- [Data under study]:
******************************
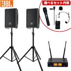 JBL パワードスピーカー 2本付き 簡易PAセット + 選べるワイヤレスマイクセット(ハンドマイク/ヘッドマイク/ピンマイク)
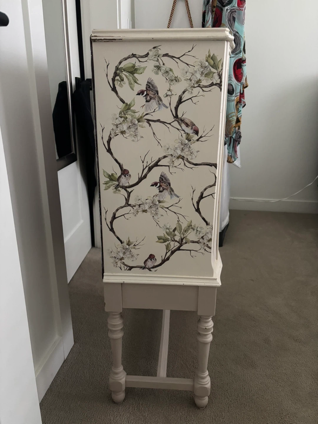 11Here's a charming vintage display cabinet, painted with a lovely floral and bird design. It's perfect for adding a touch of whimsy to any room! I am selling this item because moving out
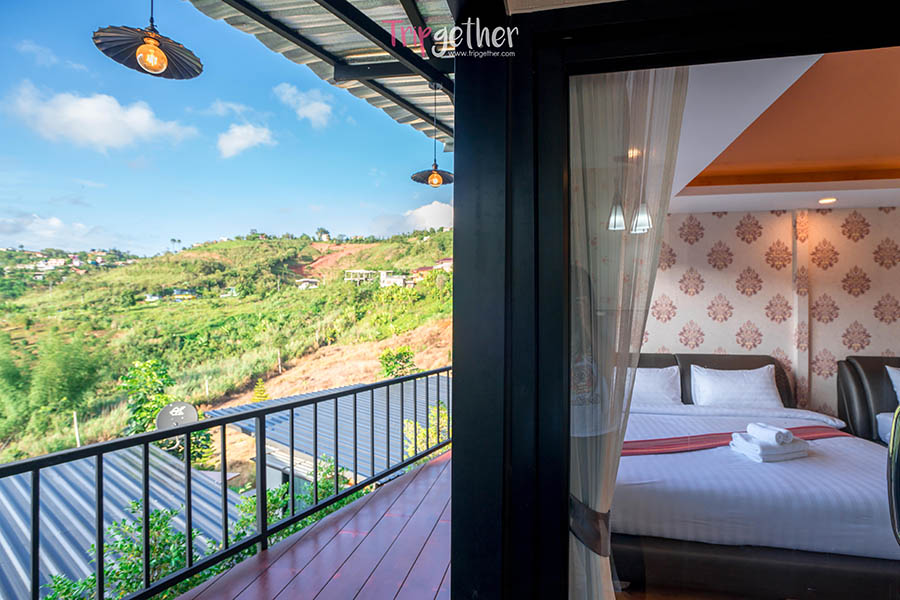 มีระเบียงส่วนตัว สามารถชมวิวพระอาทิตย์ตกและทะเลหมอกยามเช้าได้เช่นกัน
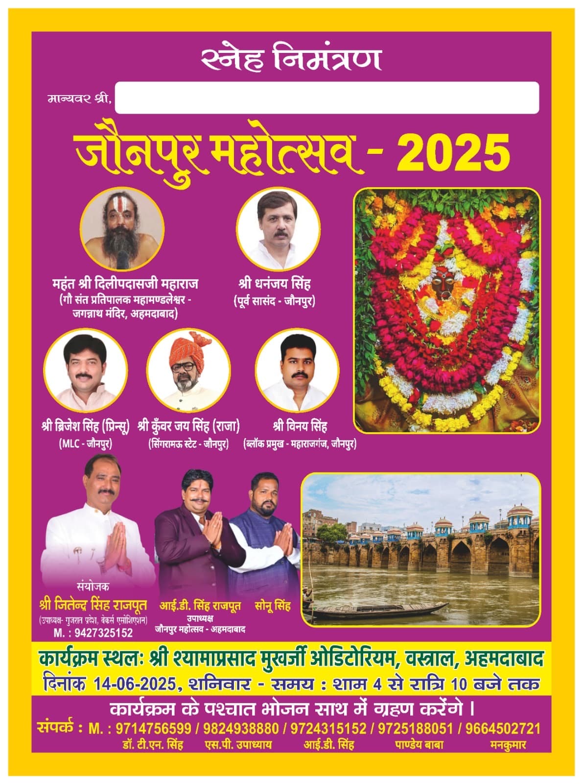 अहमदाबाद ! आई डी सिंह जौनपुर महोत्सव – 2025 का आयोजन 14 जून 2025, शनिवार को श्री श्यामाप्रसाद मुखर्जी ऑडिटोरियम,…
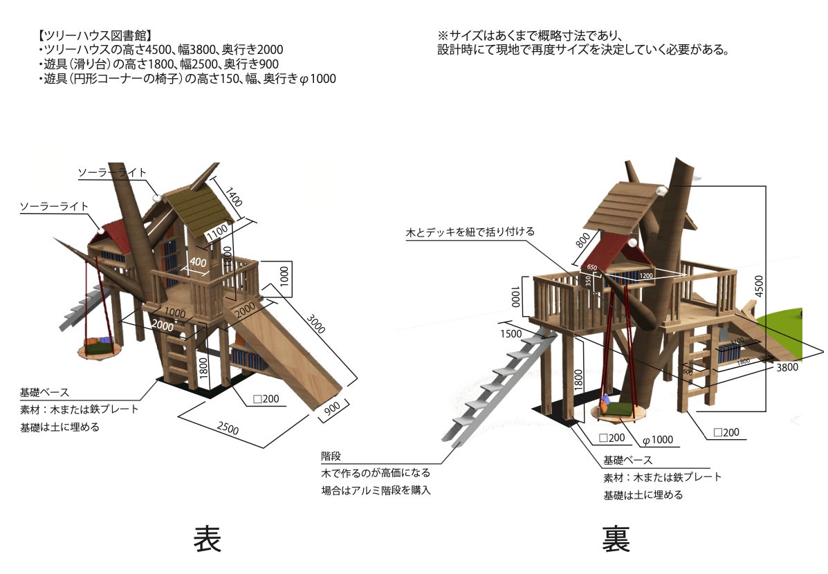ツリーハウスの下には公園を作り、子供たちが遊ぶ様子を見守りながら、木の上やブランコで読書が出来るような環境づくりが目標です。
******************************
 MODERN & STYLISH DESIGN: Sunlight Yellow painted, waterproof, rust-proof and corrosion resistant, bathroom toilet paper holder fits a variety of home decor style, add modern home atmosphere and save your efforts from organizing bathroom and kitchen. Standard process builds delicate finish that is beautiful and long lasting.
******************************
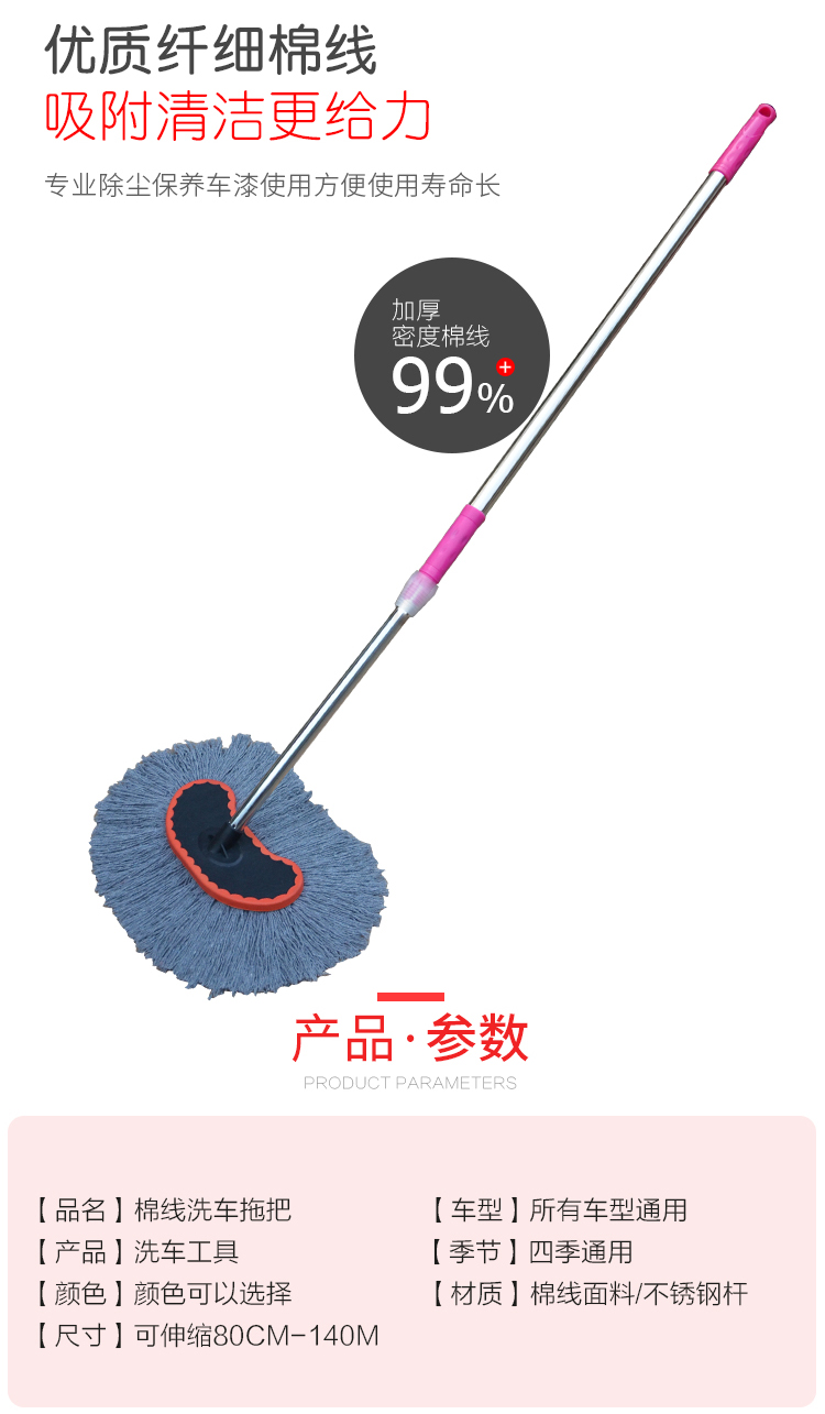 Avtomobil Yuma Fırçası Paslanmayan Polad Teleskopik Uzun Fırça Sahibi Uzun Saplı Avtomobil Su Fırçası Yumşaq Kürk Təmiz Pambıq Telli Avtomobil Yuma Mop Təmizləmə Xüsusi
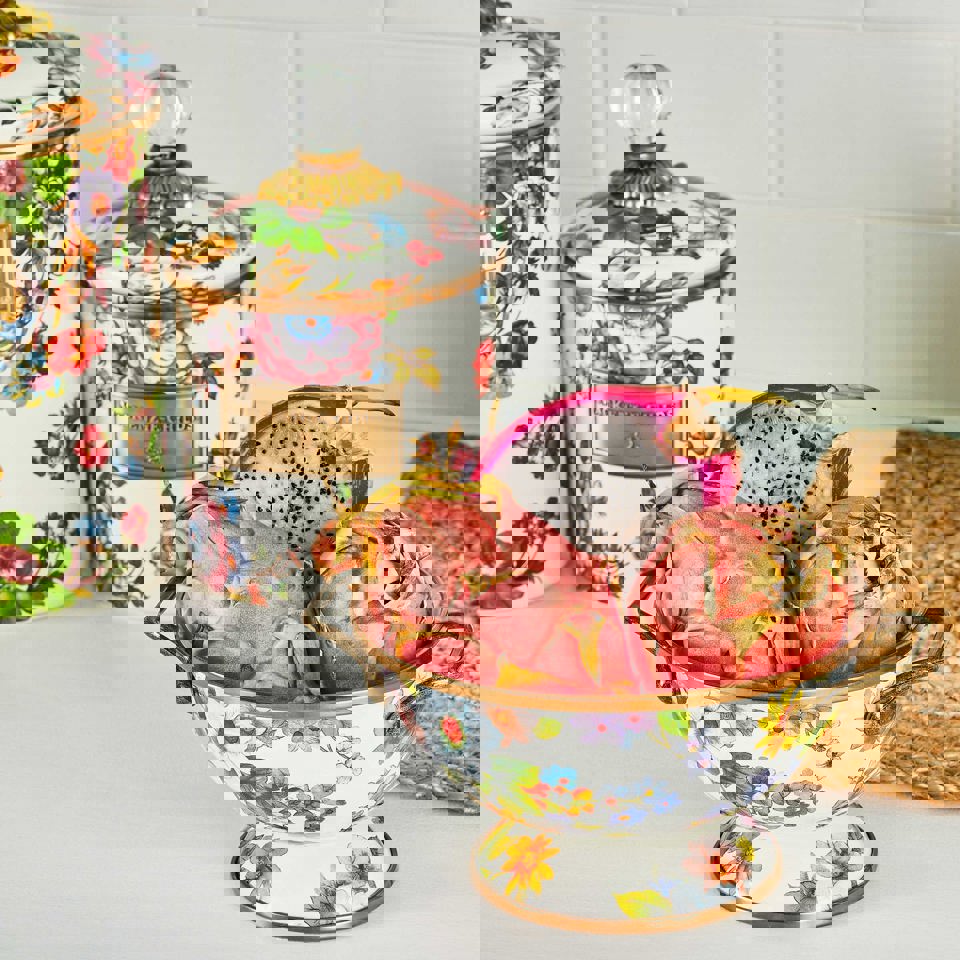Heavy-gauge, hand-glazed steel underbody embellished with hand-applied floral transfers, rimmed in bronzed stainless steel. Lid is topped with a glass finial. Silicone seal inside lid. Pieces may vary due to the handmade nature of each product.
******************************
- [Required action]: Among the entries above, locate the line with "มีระเบียงส่วนต" and the line with "ツリーハウスの下には公園を作". Give those two lines and all lines between them again, exactly, leaving out the pictures.

- [Task result]:
 มีระเบียงส่วนตัว สามารถชมวิวพระอาทิตย์ตกและทะเลหมอกยามเช้าได้เช่นกัน
 अहमदाबाद ! आई डी सिंह जौनपुर महोत्सव – 2025 का आयोजन 14 जून 2025, शनिवार को श्री श्यामाप्रसाद मुखर्जी ऑडिटोरियम,…
ツリーハウスの下には公園を作り、子供たちが遊ぶ様子を見守りながら、木の上やブランコで読書が出来るような環境づくりが目標です。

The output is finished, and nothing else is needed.